DR. PHIL: The problem we have here is that this chicken won't realize that he must first deal with the problem on this side of the road before it goes after the problem on the other side of the road. What we need to do is help him realize how stupid he is acting by not taking on his current problems before adding any new problems.

OPRAH: Well, I understand that the chicken is having problems, which is why he wants to cross the road so badly. So instead of having the chicken learn from his mistakes and take falls, which is a part of life, I'm going to give this chicken a NEW CAR so that he can just drive across the road and not live his life like the rest of the chickens.

ANDERSON COOPER: We have reason to believe there is a chicken, but we have not yet been allowed to have access to the other side of the road.

NANCY GRACE: That chicken crossed the road because he's guilty! You can see it in his eyes and the way he walks.

MARTHA STEWART: No one called me to warn me which way the chicken was going. I had a standing order at the Farmer's Market to sell my eggs when the price dropped to a certain level. No little bird gave me any insider information.

DR SEUSS: Did the chicken cross the road? Did he cross it with a toad?

Yes, the chicken crossed the road, but why it crossed I've not been told.

ERNEST HEMINGWAY: To die in the rain, alone.

JERRY FALWELL: Because the chicken was gay!
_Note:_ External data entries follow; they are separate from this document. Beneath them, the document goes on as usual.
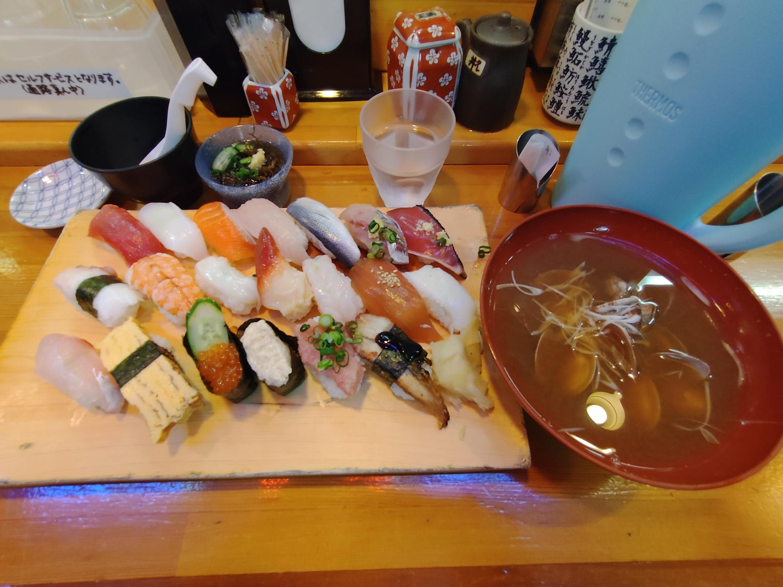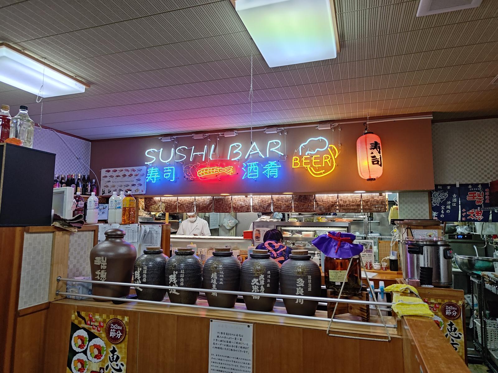メガ盛り@魚屋直営すし食堂 魚まる 2025/2/1(1年前) 旅, 沖縄, 食べ物 ホテルをチェックアウトして昼食を食べに出かけました. この日はあいにくの雨.ですが聞いてた通り沖縄では傘を差さない人の方が多かったです. 行ったのは魚屋直営すし食堂 魚まるという寿司や. 店内にインパクトのあるネオン. メガ盛りを頼んでがっつり寿司を堪能しました. 汁物はアサリ汁に変更しています.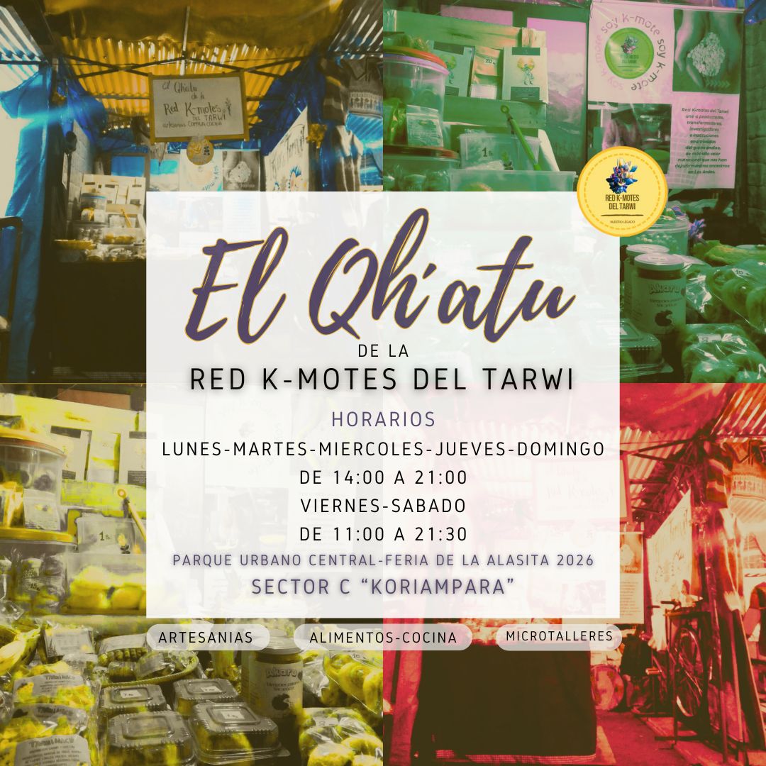 Esta Red viene trabajando en distintos espacios con actividades diversas que vinculan el campo con las ciudades, productoras/es con transformadoras/es y consumidoras/es. Este año La Red K-Motes del Tarwi se encuentra participando con un puesto de venta en la Feria de las Alasitas en el centro paceño, específicamente el Parque Urbano Central lugar que acoge esta gran feria.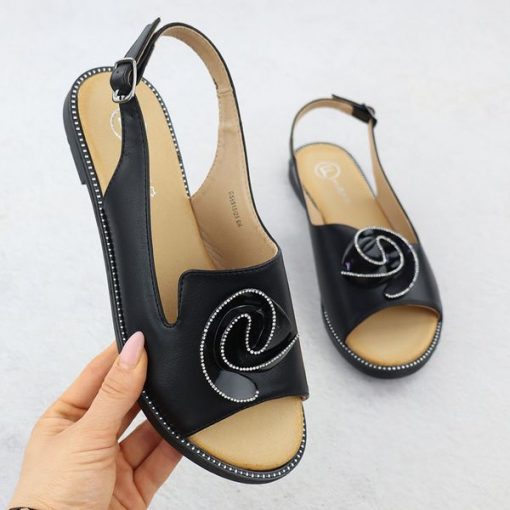 Sandały damskie płaski z kwiatem czarne Filippo DS6915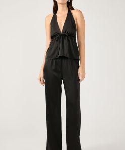 Women’s Matching Sets Perfect Stranger Giulia Long Line Tie Back Cupro Top Black | Black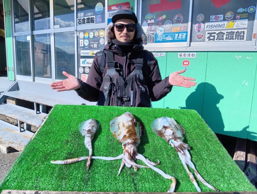 手漕ぎボートで板垣さんがアオリイカをゲット。
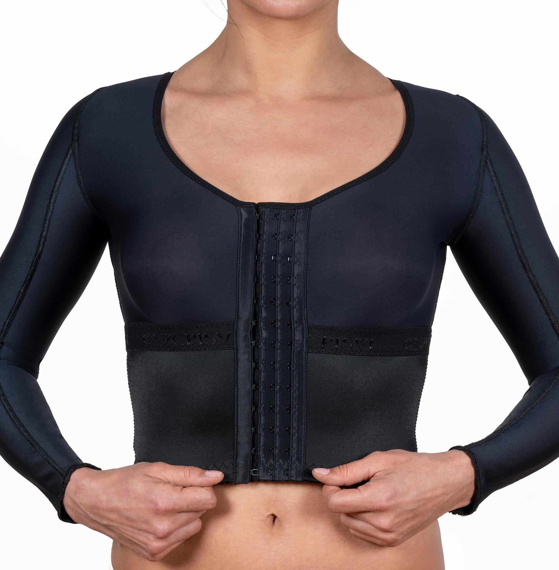 Costuras laterales en los brazos. Manga de microfibra con refuerzo de lycra en la zona intervenida.
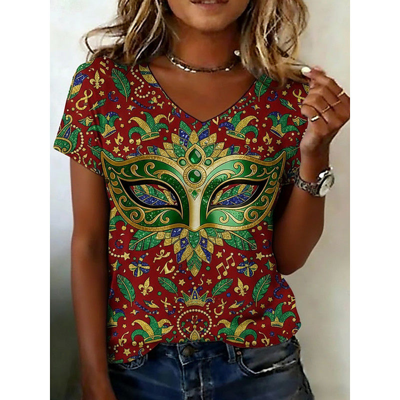 Carnival Women's T Shirt Graphic Abstract Vintage Casual Short Sleeve V Neck Regular Tops Daily Weekend Vacation Wear Print Wine Summer Spring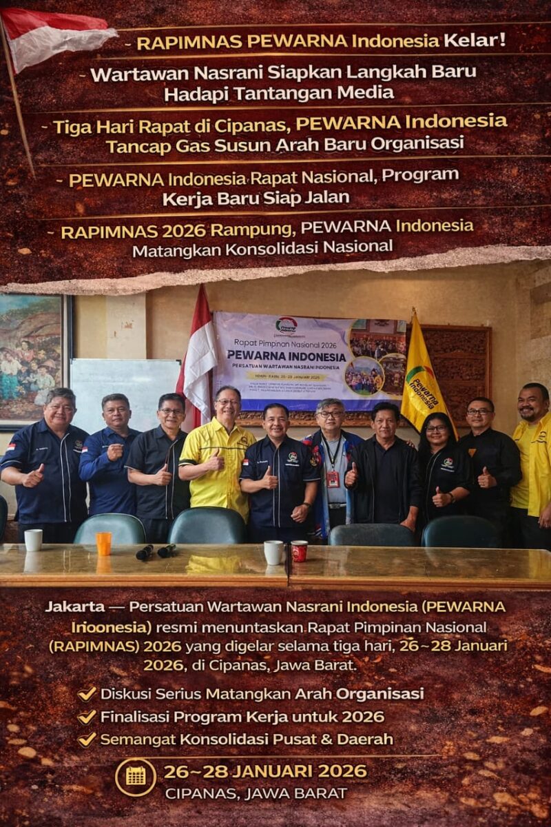 Persatuan Wartawan Nasrani Indonesia (PEWARNA Indonesia) resmi menuntaskan Rapat Pimpinan Nasional (RAPIMNAS) 2026 yang digelar selama tiga hari, 26–28 Januari 2026, di Cipanas, Jawa Barat. Agenda nasional tersebut berakhir kemarin, dengan sejumlah keputusan penting yang disiapkan untuk memperkuat organisasi ke depan.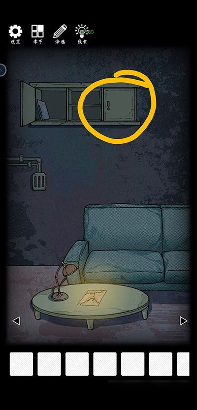- 提升沙发坐垫,找到残缺的平面图。使用钥匙c开启左侧柜子,获取线索。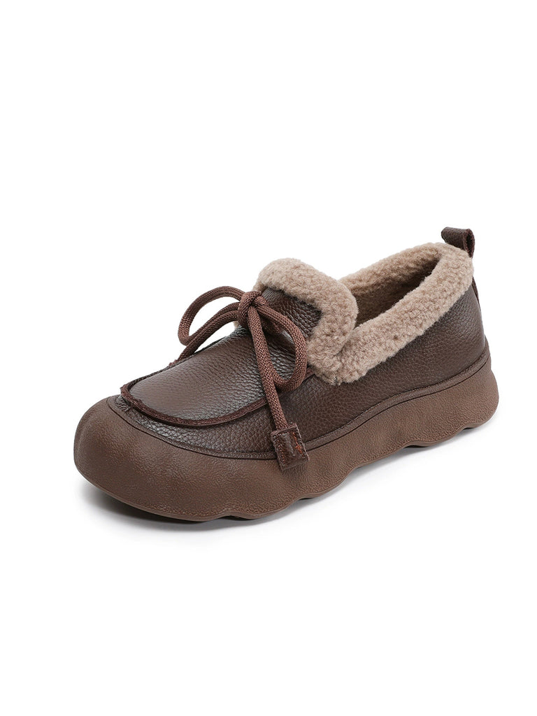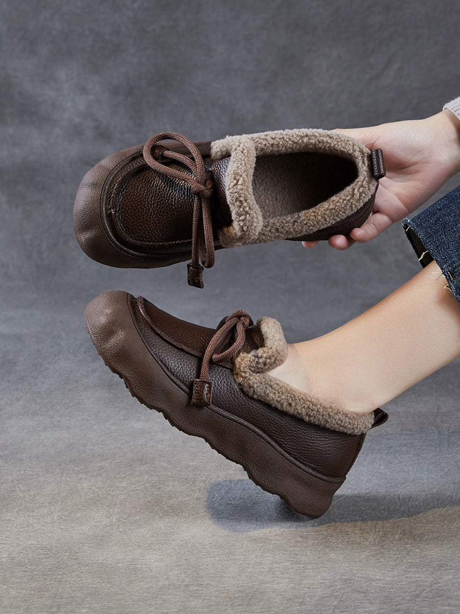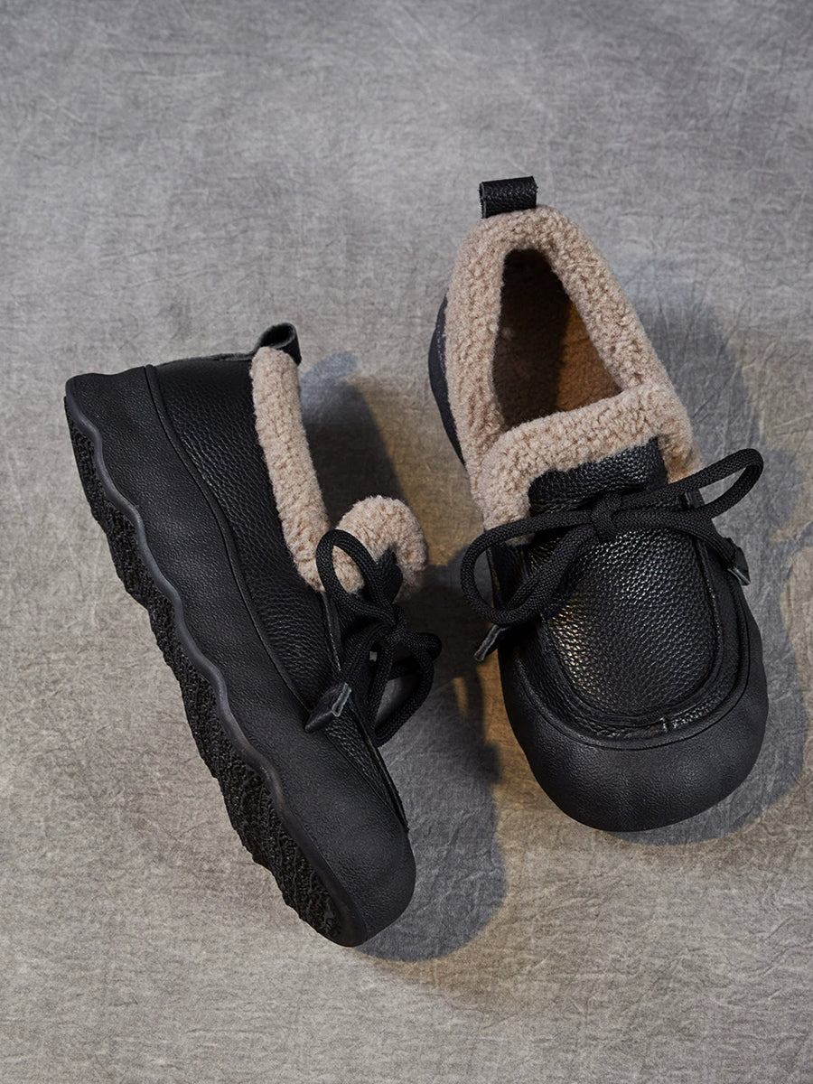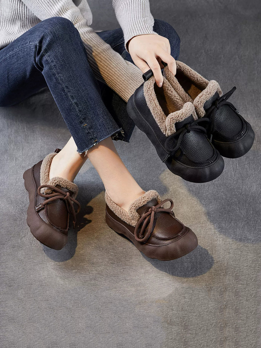 Dámské zimní vintage kožené boty s fleecovou podšívkou

Can't you people see the plain truth? That's why they call it the 'other side.' Yes, my friends, that chicken was gay. If you eat that chicken, you will become gay too. I say we boycott all chickens until we sort out this abomination that the Liberal media whitewashes with seemingly harmless phrases like 'the other side.' That chicken should not be crossing the road. It's as plain and as simple as that.
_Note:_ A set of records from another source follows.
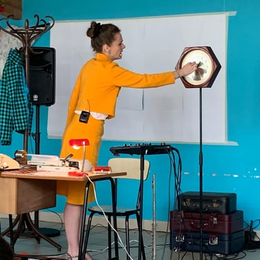 Miss tweed chante sa journée au bureau. Les objets deviennent instruments, les voix s'empilent ,la musique s'électrise.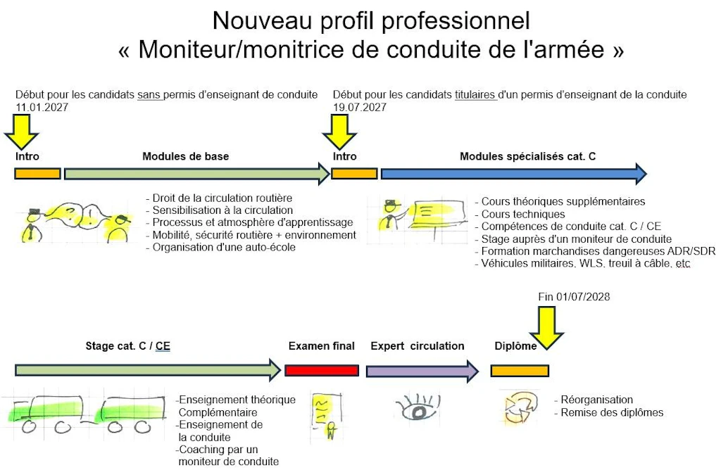 - Dispenser la formation et le perfectionnement du personnel enseignant engagé à l’instruction à la conduite (experts militaires de la circulation, chefs Circulation et transport des écoles).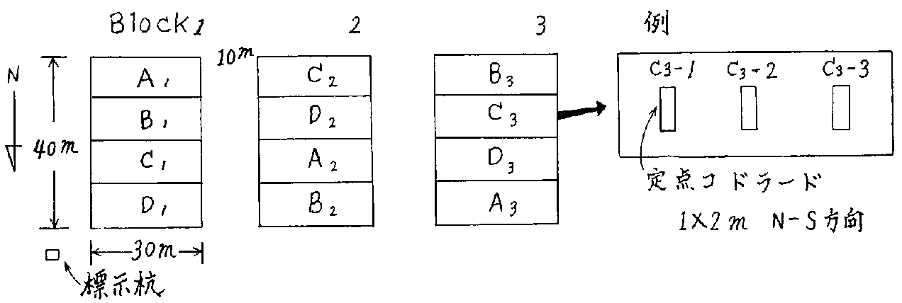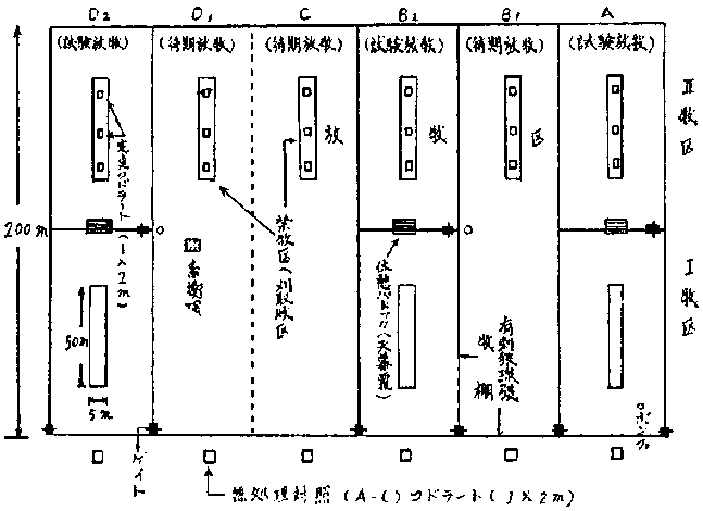 試験地は対照地区及びPassを含め0.79haとした。1plotの面積は0.5a(5.5×9.0m)で2整地処理×3肥料処理×8草種×2反覆=96plotsである。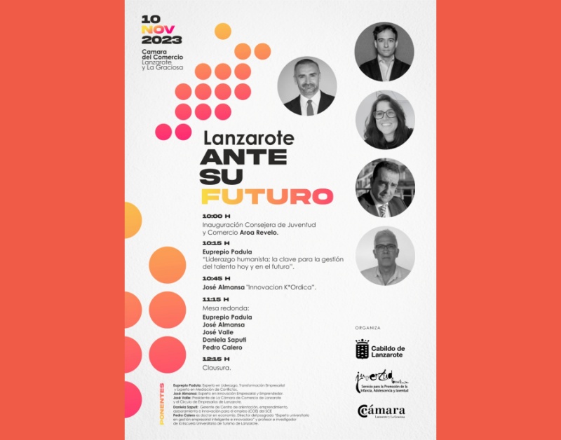 En estas primeras jornadas, organizadas por la Consejería de Juventud del Cabildo de Lanzarote, que coordina Aroa Revelo, y que cuenta con la colaboración de La Cámara de Comercio de Lanzarote y Fuerteventura y de CICAR, participarán José Valle, presidente de la Cámara de Comercio; Daniela Saputi, gerente del COE; y Pedro Calero, director de post-grado de Turismo, además de dos invitados de excepción: Euprepio Padula, experto en liderazgo político y empresarial; y el presentador y periodista y presidente de Padula&Partners, José Almansa, uno de los emprendedores en innovación de mayor importancia de España.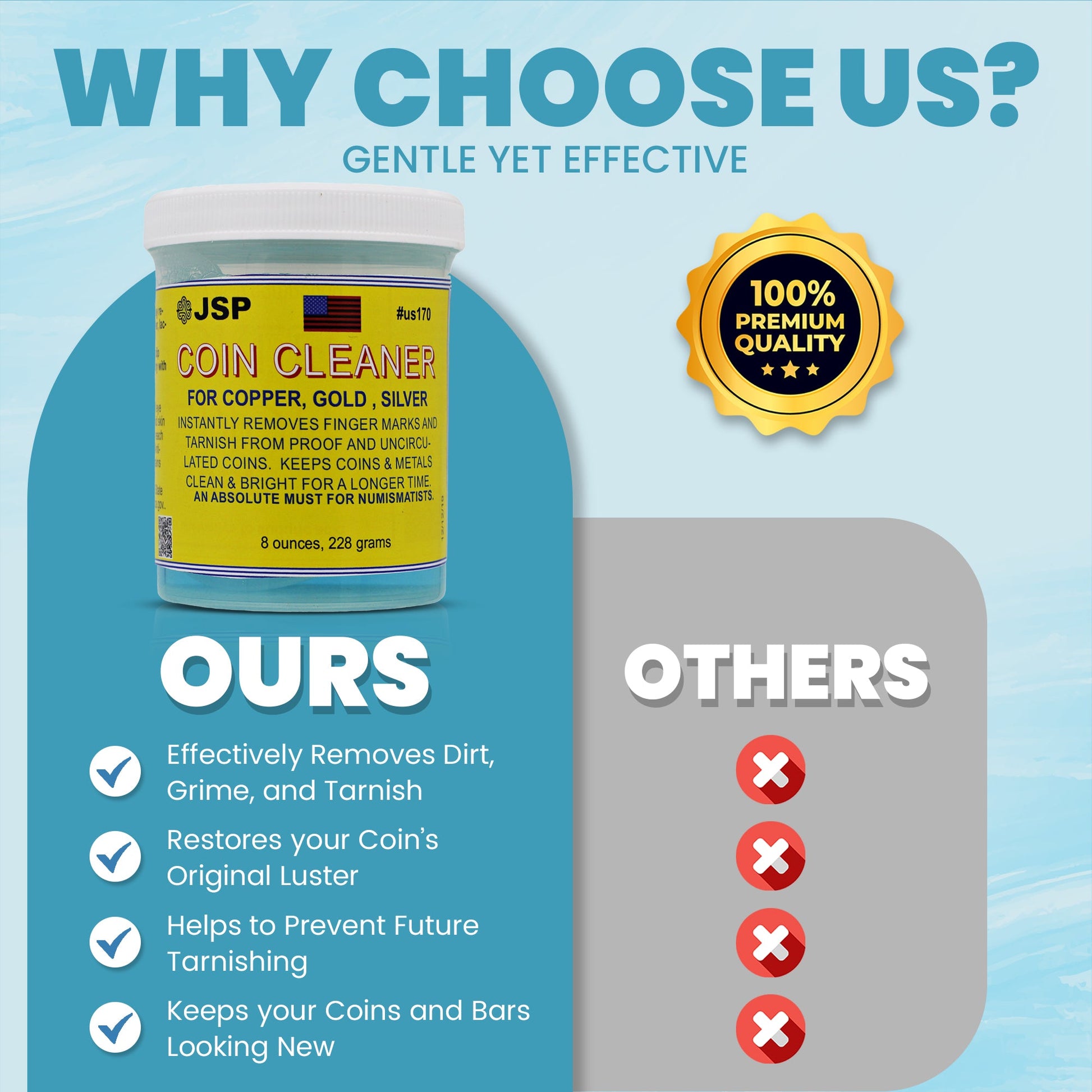 JSP Super Coin Cleaner 16 oz for Copper, Gold, Silver, & Platinum Precious Metals Jewelry Coins Bars

GRANDPA: In my day we didn't ask why the chicken crossed the road. Somebody told us the chicken crossed the road, and that was good enough for us.

BARBARA WALTERS: Isn't that interesting? In a few moments, we will be listening to the chicken tell, for the first time, the heartwarming story of how it experienced a serious case of molting, and went on to accomplish its lifelong dream of crossing the road.

ARISTOTLE: It is the nature of chickens to cross the road.

JOHN LENNON: Imagine all the chickens in the world crossing roads together, in peace.

BILL GATES: I have just released e-Chicken2015, which will not only cross roads, but will lay eggs, file your important documents and balance your checkbook. Internet Explorer is an integral part of e-Chicken2015. This new platform is much more stable and will never reboot.

ALBERT EINSTEIN: Did the chicken really cross the road, or did the road move beneath the chicken?

COLONEL SANDERS: Did I miss one?​


----------



## Shalimar (Sep 4, 2015)

Warri, that is hilarious!


----------



## RadishRose (Sep 4, 2015)

Great update on a classic!  So funny.


----------



## ronaldj (Sep 4, 2015)

now that was funny


----------



## Cookie (Sep 4, 2015)

So very good --- lots of laughs, thanks DW!


----------



## Falcon (Sep 4, 2015)

:lol1:


----------



## jujube (Sep 4, 2015)

Now I'm hungry for fried chicken.


----------



## Lon (Sep 4, 2015)

The chicken never made it across the road because she was run over by a shiny new BMW convertible. Long Live Her Chicks!!


----------



## Meanderer (Sep 4, 2015)




----------



## RadishRose (Sep 4, 2015)

"Why did the chicken cross the road? To get from the left to the right. Stepped out of
rank, got hit by a tank, he ain't no chicken no mo."


...Bill Murray, "Stripes"


----------



## Shirley (Sep 4, 2015)

*​lmho!!!! *


----------